A special blessing this past week was the opportunity to spend time with Tlapa’s former bishop, Alejo Zavala Castro. Bishop Alejo is now retired in Morelia, Michoacán, but the Diocese of Tlapa wanted to offer him a final “Thank you” for his fourteen years as pastor of the diocese (and I had been his assistant for ten of those years). I wish I could describe the huge celebration given to Bishop Alejo, but his Jeep broke down as I was driving him to Tlapa, so he continued on in a bus that passed by, and I stayed with the Jeep to try to get it fixed. The celebration began at 12 noon; I arrived in Tlapa with the repaired Jeep at 8 that night. But at least I arrived.  

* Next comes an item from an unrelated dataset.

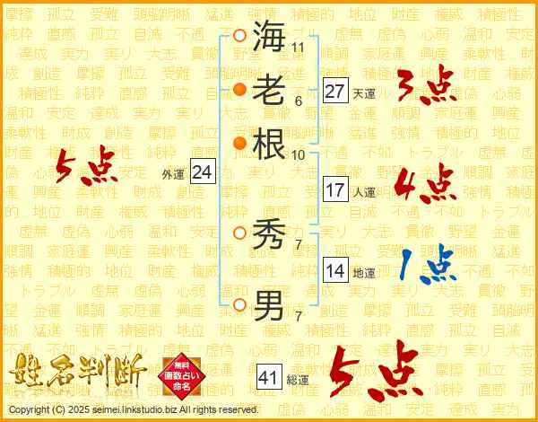 海(11画)老(6画)根(10画) 秀(7画)男(7画)

Bishop Alejo being greeted by friends in Tlapa
And there was lots of activity these past days as Tlapa celebrated its largest annual religious feast day. October 23 is the feast day of El Señor del Nicho—the Lord of the Niche. The story is told that the Augustinian priests who evangelized the mountains in the 1500s brought over from Spain a three-meter image of the crucified Jesus. At the beginning of the past century, while excavating at Tlapa’s main church after an earthquake had destroyed it, workers found the image in the rubble—but the image had not a scratch on it. Falling beams had created a natural “niche” to protect it from all of the other wreckage that came tumbling down. Such a “miraculous” occurrence gave rise to a special veneration for this image.
The Lord of the Niche being carried out of the cathedral
The highlight of the day is an afternoon procession (lasting about four hours) with this image of Jesus throughout the city of Tlapa. Families and businesses purchase lots of sawdust ahead of time, dye the sawdust different colors, and make a pictorial carpet of sawdust on the street in front of their house or business.
Families on Matamoros Street preparing their sawdust carpets on the morning before the procession
Of course, the thousands of “pilgrims” in the procession “destroy” the carpet, but at least it is in good shape when Jesus (whose image leads the procession) passes in front of their location.

I was toward the rear of the procession, and yet all of these people were behind me.
So, yes, it is definitely a huge procession.
The idea of “really seeing” occurred to me during that procession too. Most of the sawdust carpets have typical religious images: crosses, doves, Bibles, bread and wine, Jesus, etc. But several families remembered the 43 students from the Ayotzinapa teachers college who were “disappeared” just over a year ago, and their sawdust carpet referred to this terrible crime.
This reads: Lord of the Niche, the Mountain cries out for justice and truth for the 43.
This reads: We place in your hands your 43 children.
So I will continue asking myself tough questions. Do I really want to see? If I do allow myself to really see, what might that mean in terms of my following of Jesus’ Way? What does life look like when seen from the underside of history, from the side of the victims of this global reality of power, privilege, and inequity? How can I (and Mission Mexico) best respond to this challenge of living faithfully as a servant of the living God? I suspect that you, the reader, would not be reading these lines if you weren’t asking the same kinds of questions. I honestly wish you well in your journey toward a response. Feliz camino.